In this work, we design a lightweight person-detection method that deals with these limitations by enforcing simplifying constraints on our deployment’s physical arrangement. By placing our wide-angle camera nodes on the ceiling, facing straight down, we can safely assume certain bounds on each person’s size (given that the ceiling height is known). Then, using a cuboid model of a human, we create a histogram representing the likelihood that a moving person is present at a certain location in the image. Each moving person can, thus, be detected by locating the modes of the histogram. Since this method is based on motion-differencing rather than background-subtraction, there are no lasting phantom-detections, such as arise when the background model fails to adapt to changes in the scene. This allows us to detect the location of moving people in our deployments with little maintenance or calibration.
Related:
BehaviorScope
Human Activity Recognition
In the BehaviorScope project we introduce a framework that recognizes human activities with a sensor-agnostic engine. The sequence of locations of people in a house are input into a probabilistic context-free grammar (PCFG) to detect behaviors. The inference project was led by Dimitrious Lymberopoulos, while I was in charge of building the sensor network infrastructure. The main challenge was to create a network of cameras that could extract locations of multiple people in real time, unattended, in several-month-long home deployments.

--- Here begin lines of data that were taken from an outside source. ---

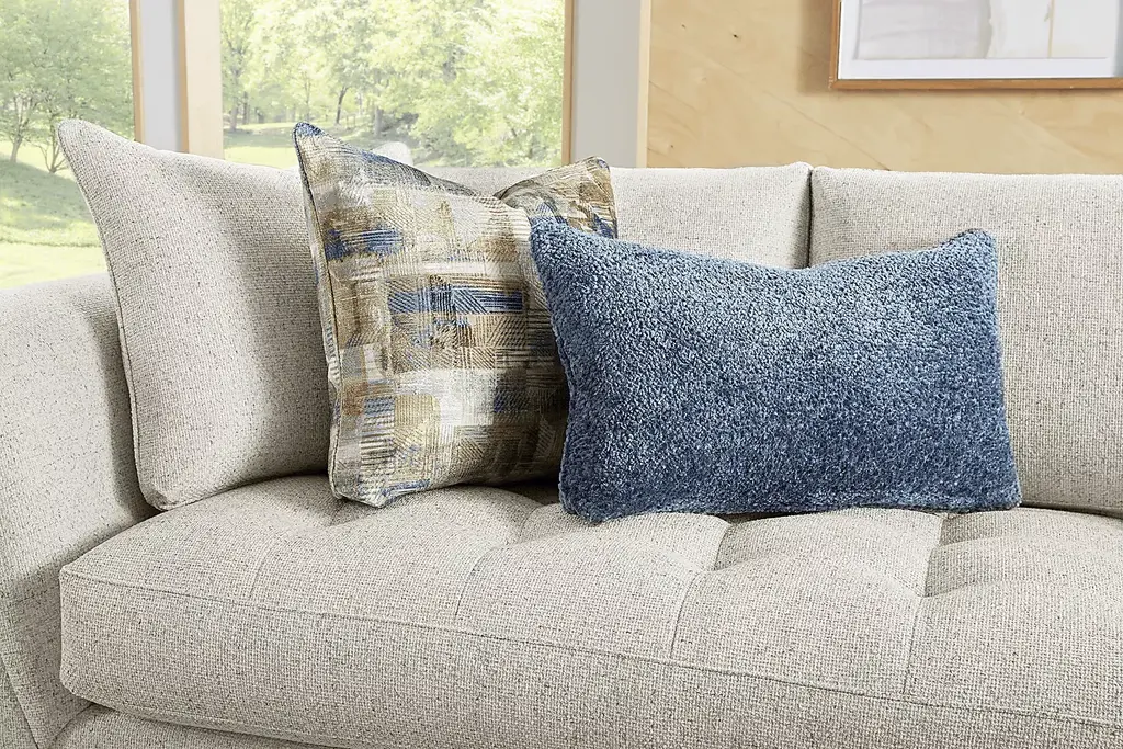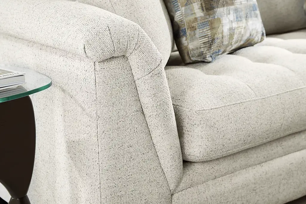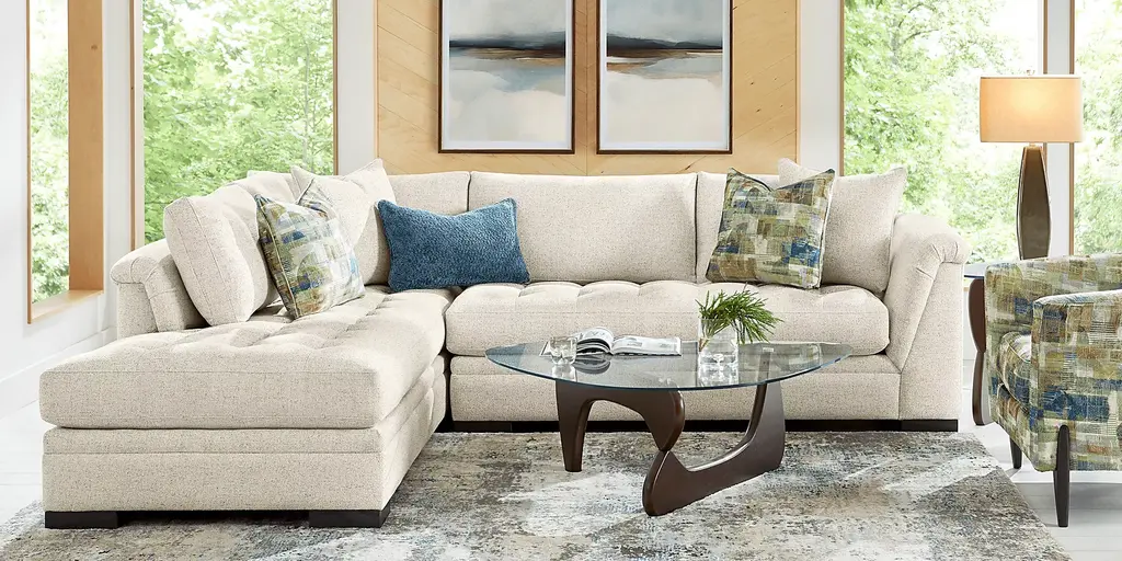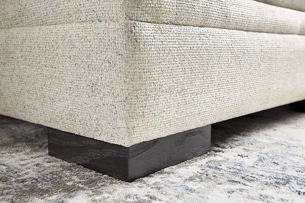From spending time with family to cuddling up with your favorite novel, the Harper sectional from Cindy Crawford Home helps transform the space you spend so much time in into a world of peace and tranquility. Designed with a sleek, contemporary appearance, this collection features eye catching angled arms and tufted bench-style seat cushions and is upholstered with beige fabric that has a soft, velvety texture. Woodblock legs finished in a dark color ground the overall look with a sumptuous prestige. The sectional's left arm facing chaise and right arm facing loveseat come with matching toss pillows that add an extra flourish of upscale uniformity to the piece. Upholstery: 100% Polyester.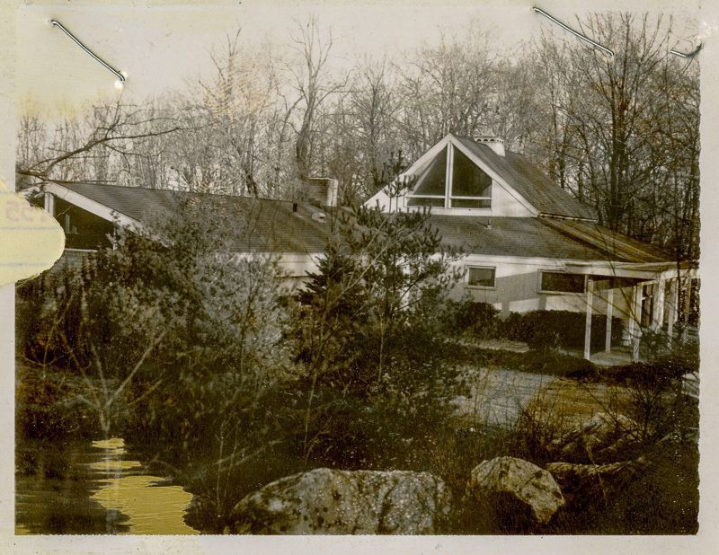 Contemporary house built circa 1960 with a combination roof viewed from the street.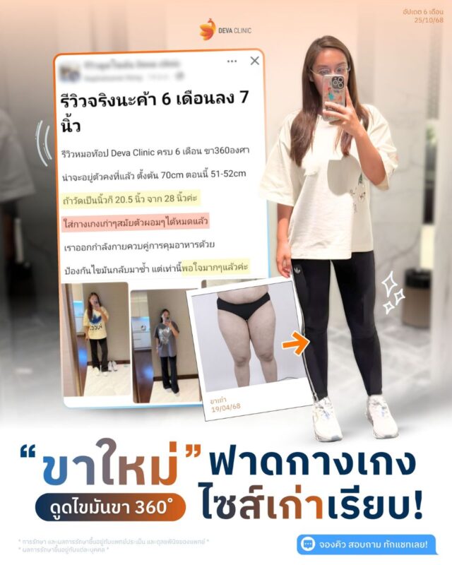 ความมั่นใจของผู้หญิงเริ่มต้นที่เรียวขาสวย โดยเฉพาะเทรนด์ “ขาตะเกียบ” ที่ดูเพรียวบางและใส่ชุดอะไรก็ดูโดดเด่น Deva Clinic นำเทคนิคการออกแบบสรีระระดับพรีเมียมมาช่วยเนรมิตขาในฝันให้คุณ โดยไม่ต้องบินไปไกลถึงเกาหลี

In addition to sequences of locations, I have also investigated the use of wristband-style inertial sensors to extract arm-pose information for finer-grained activity interpretation. In order to withstand the large numbers of false-positive noise that we noticed in our long-term deployments, this system makes use of finite state machines (FSMs) enhanced with time bounds on each transition. The FSMs are layered into a multi-level hierarchy that can parse human activites in real time on commodity hardware.
Related:
Address-Event Imaging for Sensor Networks
Traditional image sensors communicate sequentially, from top-left to bottom-right, the intensity of the light measured at each pixel in a process called “scanning”. This leads to images that are represented as arrays of intensity values. While such a representation has many qualities, such as compactness and ease of display, it is not particularly friendly for data interpretation purposes.
In response to this, Address-Event (AE) imagers take a cue from biological systems and measure the world, instead, through multiple asynchronous smart pixels that produce a pulse (or “spike”) when they encounter particular features such as motion or edges. Similar to the human brain, these sequences of spikes work as building blocks for high-level data interpretation. In my work I have built proof-of-concept sensor boards that utilize Prof. Eugenio Culurciello’s prototype AE imagers. I have also demonstrated a simple pattern-matching algorithm that can operate in the computationally constrained setting of a sensor node, and fares well against similar algorithms for traditional imagers. To facilitate the development of this and other AE algorithms, I wrote an Address-Event Emulator application for Windows that converts live video from webcams into AE streams. This application is provided free of charge here.